Das gelte ausdrücklich auch für die mutmaßliche Einflussnahme in Hinblick auf die FDP: "Ich bin den Werten dieser Partei sehr nah. Aber unsere Journalistinnen und Journalisten lassen sich davon Gott sei Dank nicht beeinflussen."
Dass die Bild als auflagenstärkstes Medium des Springer-Verlags nicht unbedingt journalistische Ethik großschreibt, sondern auf populistische Meinungsmache im Sinne des Eigentümerblocks und der Großkonzerne setzt, ist ein offenes Geheimnis.
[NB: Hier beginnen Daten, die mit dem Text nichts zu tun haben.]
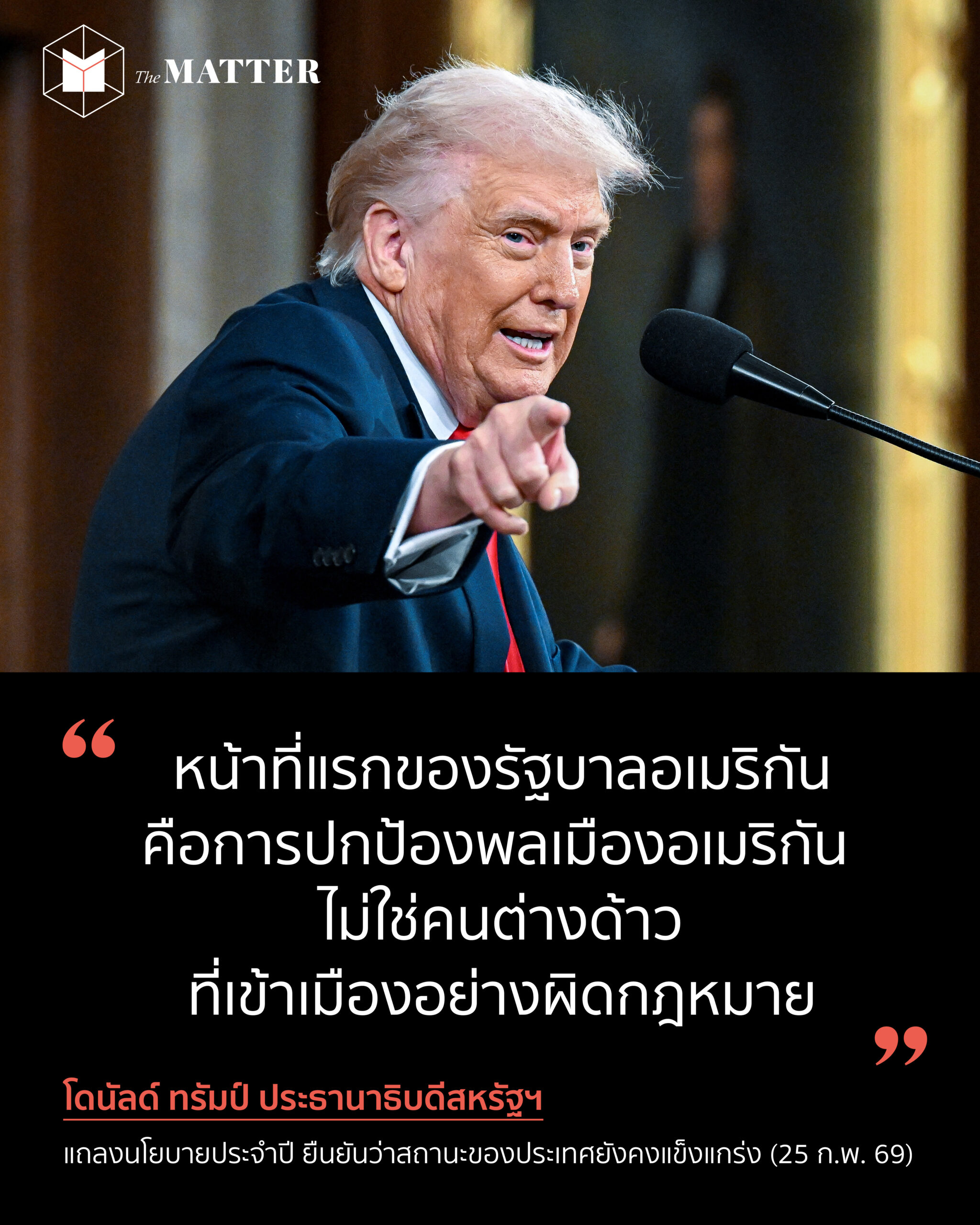 เมื่อวานนี้ (25 กุมภาพันธ์) ประธานาธิบดีโดนัลด์ ทรัมป์ กล่าวสุนทรพจน์เพื่อแถลงนโยบายประจำปี (State of the Union) ที่อาคารรัฐสภาสหรัฐฯ พร้อมยืนยันต่อชาวอเมริกันว่า สถานะของประเทศยังคงแข็งแกร่ง

Die Sängerin Judith Holofernes befand schon vor Jahren:
Die Bild-Zeitung ist ein gefährliches politisches Instrument– nicht nur ein stark vergrößerndes Fernrohr in den Abgrund, sondern ein bösartiges Wesen, das Deutschland nicht beschreibt, sondern macht. Mit einer Agenda.
Judith Holofernes 2011 in einer Absage an eine Werbeagentur, die sie für eine Bild-Kampagne einspannen wollte.
Feindbild "Sozialismus"
Mit dem Berliner Mietendeckel sei "der Sozialismus" zum zweiten Mal gescheitert, frohlockte die Bild vor zwei Jahren. In diesem Fall hatte das Bundesverfassungsgericht mal ein Urteil gefällt, das der Redaktion in den Kram passte – im Gegensatz zum Klima-Urteil, auf das sich verschiedene Gruppen bei Aktionen des zivilen Ungehorsams berufen. Dieses Urteil zählt in der Berichterstattung von Bild, Welt und BZ kaum – da wird lieber das Feindbild von den "Klima-Chaoten" geschürt, als sich inhaltlich mit dem Anliegen zu befassen und die Methoden gegebenenfalls sachlich zu kritisieren.
Das einfache Volk soll also gefälligst "marktgerecht" hohe Mieten zahlen, aber Angst vor teurem Klimaschutz und nervigen Straßenblockaden haben. Da interessiert auch nicht, dass die als "Klima-Chaoten" geschmähten Protestgruppen gerade keine Teuerungen für Normal- und Geringverdienende fordern, sondern eher soziale Klimaschutzmaßnahmen wie ein dauerhaftes Neun-Euro-Monatsticket für den öffentlichen Nahverkehr und ein Gesetz gegen Lebensmittelverschwendung.
Klimakatastrophe? Ja, bitte!
Intern soll Döpfner geäußert haben: "Zivilisationsphasen der Wärme waren immer erfolgreicher als solche der Kälte. Wir sollten den Klimawandel nicht bekämpfen, sondern uns darauf einstellen."
Das ist natürlich starker Tobak angesichts der Warnungen des Weltklimarats gerade in Bezug auf arme Länder, die besonders hart getroffen werden und gar nicht die Mittel dazu haben. Aber natürlich ist das die Denkweise eines Menschen, dessen Verlag sich angesichts der Katastrophe für populistische Hetze gegen die Klimabewegung entschieden hat. Was denn sonst?
Niemand kann ernsthaft bestreiten, dass der Springer-Verlag Politik macht. Die Welt ist auf ein gebildeteres Publikum zugeschnitten, tönt aber regelmäßig wie ein PR-Journal der deutschen Autoindustrie, die nach Kräften versucht, Einfluss auf die Politik zu nehmen. Autos müssen laut WeltN24-Chef Ulf Poschardt sogar eine Seele haben, die er bei E-Autos nicht erkennen kann. Derartige Schwurbeleien äußert er nicht nur intern, sondern öffentlich.
Natürlich hat dann auch ein Verkehrsminister mit FDP-Parteibuch, der sich nach Kräften gegen ein Verbrenner-Verbot ab 2035 stemmt, seine Sympathie. Das fällt natürlich unter Meinungsfreiheit. Das strukturelle Problem ist nur die politische Macht der Konzernmedien. Aber Konzerne haben eben im Kapitalismus Macht. Und der Axel-Springer-Verlag sieht seine Aufgabe offensichtlich darin, dass dies so bleibt.